Trade surplus falls 41% to €2.9bn

Ireland’s seasonally adjusted trade surplus fell by 41%, to €2.9bn, in September — marking the first time the monthly surplus has been below the €3bn mark since last December.

The surplus had reached a high of €4.88bn in August.

Preliminary figures, published yesterday by the CSO, indicate that the value of Irish exports dipped by nearly €1.8bn — or 19% — to €7.31bn during September. This compared to a monthly high value of almost €9.1bn in August.
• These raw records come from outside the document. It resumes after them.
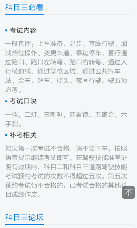 科目三考试技巧 v2.0 安卓版 科目三考试技巧是一款便捷的掌上驾考学习类应用。该应用集科目一和科目三的考试习题为一体,更有科目二和科目三的学车技巧,为驾考考生提供更好的备考资源。
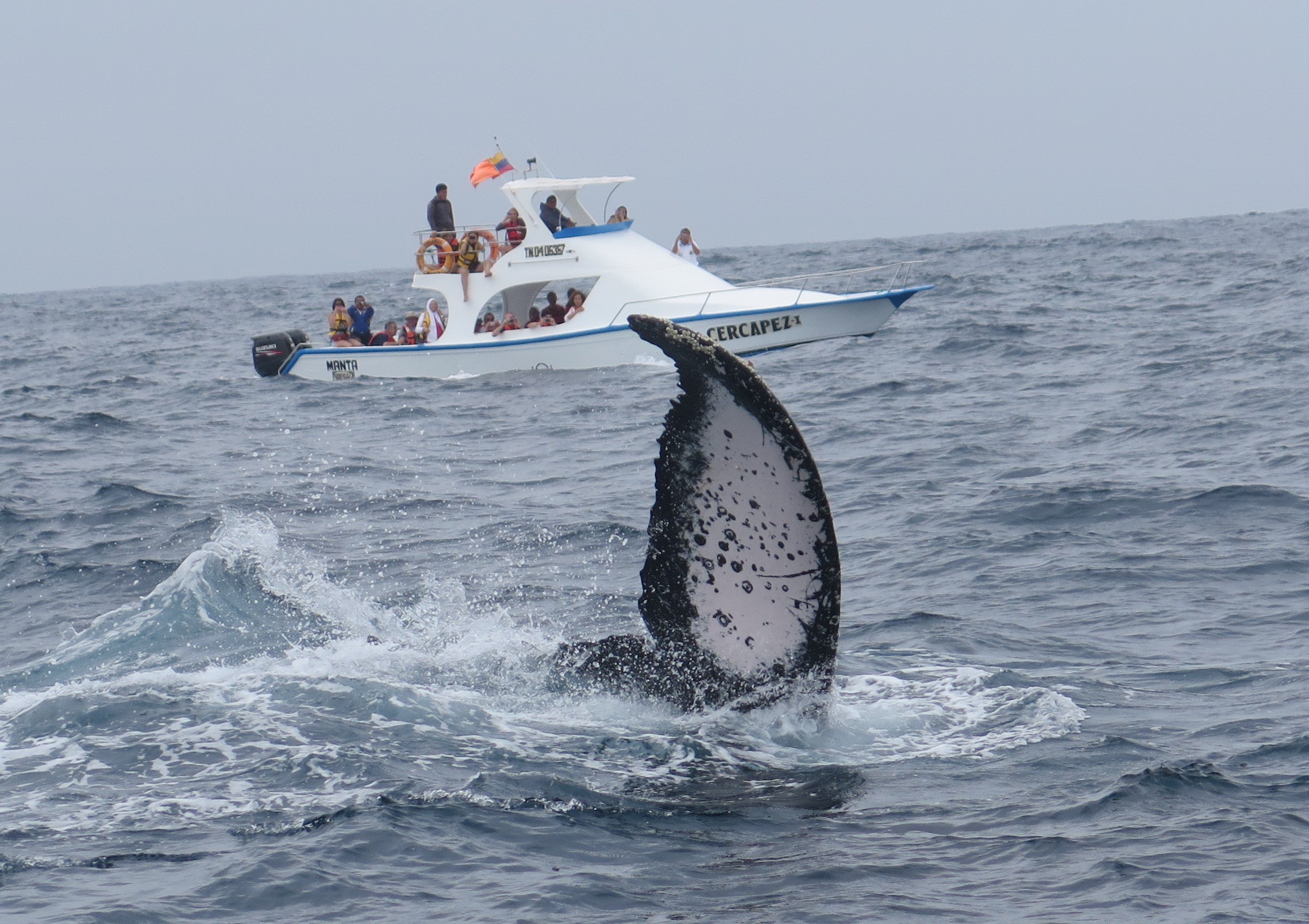 Kroužení a neskutečně ladný pohyb šestnáctitunových obrů ve mě vyvolává euforii. Nestíhám fotit, natáčet, jenom se slyším, jak vřískám stále dokola slovo VELRYBA. Protože končí sezóna, kdy u pobřeží Ekvádoru keporkaci rodí mladé, vůbec jsme nedoufali, že bychom nějakého mohli vidět. A najednou tohle!
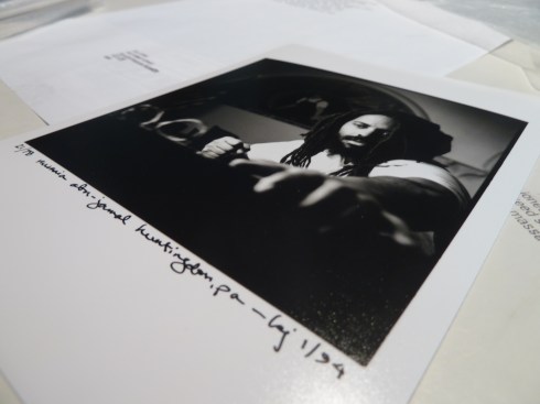 Print of Mumia Abu-Jamal portrait by Lou Jones. During the PPOTR interview at his Boston studio, Jones said when he made the portrait it was the first time in 5 years that Mumia had been photographed without shackles on his wrists.

Helping to drive down the trade surplus was a 5% monthly increase in import value to €4.41bn.

On a year-on-year basis, September’s export value fell by 6%, while imports grew 8%. The export fall — the first marked decrease since last April — was driven by a €1bn decline in chemical and pharmaceutical products, as had been anticipated following unusually strong growth figures in August.

Commentators anticipate a certain level of volatility in trade data over the coming months as an increasing number of pharmaceutical products lose their exclusive patents, but expect limited impact on multinational investment and job numbers.
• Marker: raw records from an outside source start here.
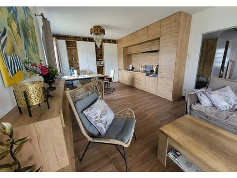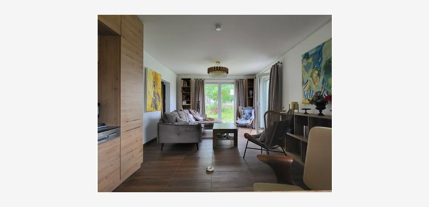 Durch fussbodentiefe Fenster über Eck und ein zusätzliches Doppelfenster ist der 2 große Hauptwohnraum im Erdgeschoss mit integrierter Küche lichtdurchflutet und hat zwei Zugänge zur sonnigen West- und Nordwest- Terrasse.
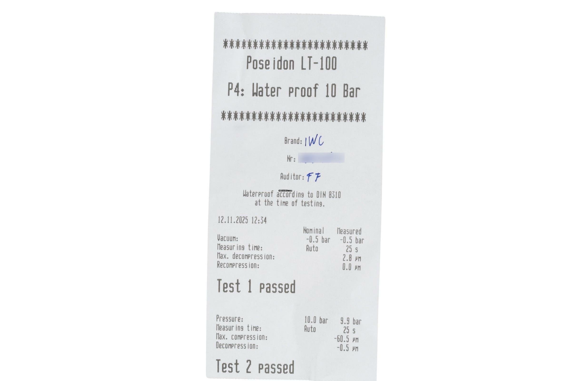 * Wenn die Uhr positiv auf Wasserdichtigkeit getestet wurde, dann gilt diese Eigenschaft zum Zeitpunkt der Messung. Wasserdichtigkeit ist nach DIN 8310 keine bleibende Eigenschaft. Sie sollte jährlich und vor besonderen Belastungen überprüft werden, da die eingebauten Dichtelemente in ihrer Funktion und im täglichen Gebrauch nachlassen. Einflüsse wie starke Temperaturschwankungen, Chlor, Seife oder Salzwasser wirken sich negativ auf die Wasserdichtigkeit aus.
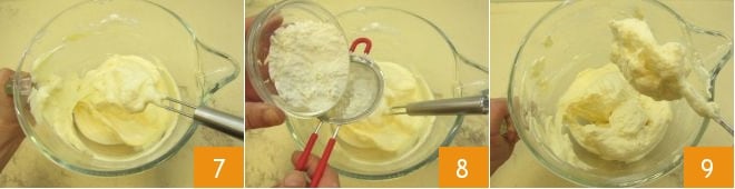 et mélangez délicatement de bas en haut avec une spatule, en veillant à ne pas les faire retomber 7. Lorsque le mélange d'œufs est bien homogène, ajoutez la farine en 2-3 fois en la tamisant directement dans le bol à l'aide d'une passoire 8 et mélangez délicatement de bas en haut avec la spatule pour éviter de casser la pâte 9.
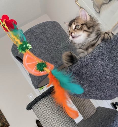 Play is one of the keys to the heart of your kitten, I strongly believe that. The most important people in a domestic cat’s life are the person who brings food and the person who plays with them. If your cats develops into a lap cat, then the person whose lap they sleep in is number 3 on that list. Play is not just throwing a ball and letting them hunt it. Get involved and play with them until they pant or lie down and fall asleep! The preference it to do it before mealtime to prevent stomach pains. Whenever you play with them, do it in the same spaces, so that they do not even think about using your furniture to sharpen their nails.

The CSO data also showed that while the EU remains Ireland’s main trading region, the US and China are our main non-EU trade partners, particularly in terms of imports.

Reaction to the figures was relatively benign — with a near 10.5% increase in services exports also noted.

Chief economist at NCB Stockbrokers, Philip O’Sullivan, said: “In all, the year-to-date trade surplus stands at €32.5bn, up 2.2% on the same period in 2011, which represents a solid performance in light of both the well-documented problems being experienced by a number of Ireland’s key trading partners and input price pressures on the import side.”

Merrion Capital’s Alan McQuaid said that whether the weak September performance was a one-off remains to be seen, but if it’s not then it’s a serious cause for concern, significantly denting export growth and impacting negatively on GDP.

“Irish export growth, in 2012, looks set to be weaker than in 2011. We are currently forecasting a volume rise of 4.5% in goods and services — down from 5.1% in 2011, but pushing back up again to 5% in 2013 and 5.6% in 2014 all things being equal.”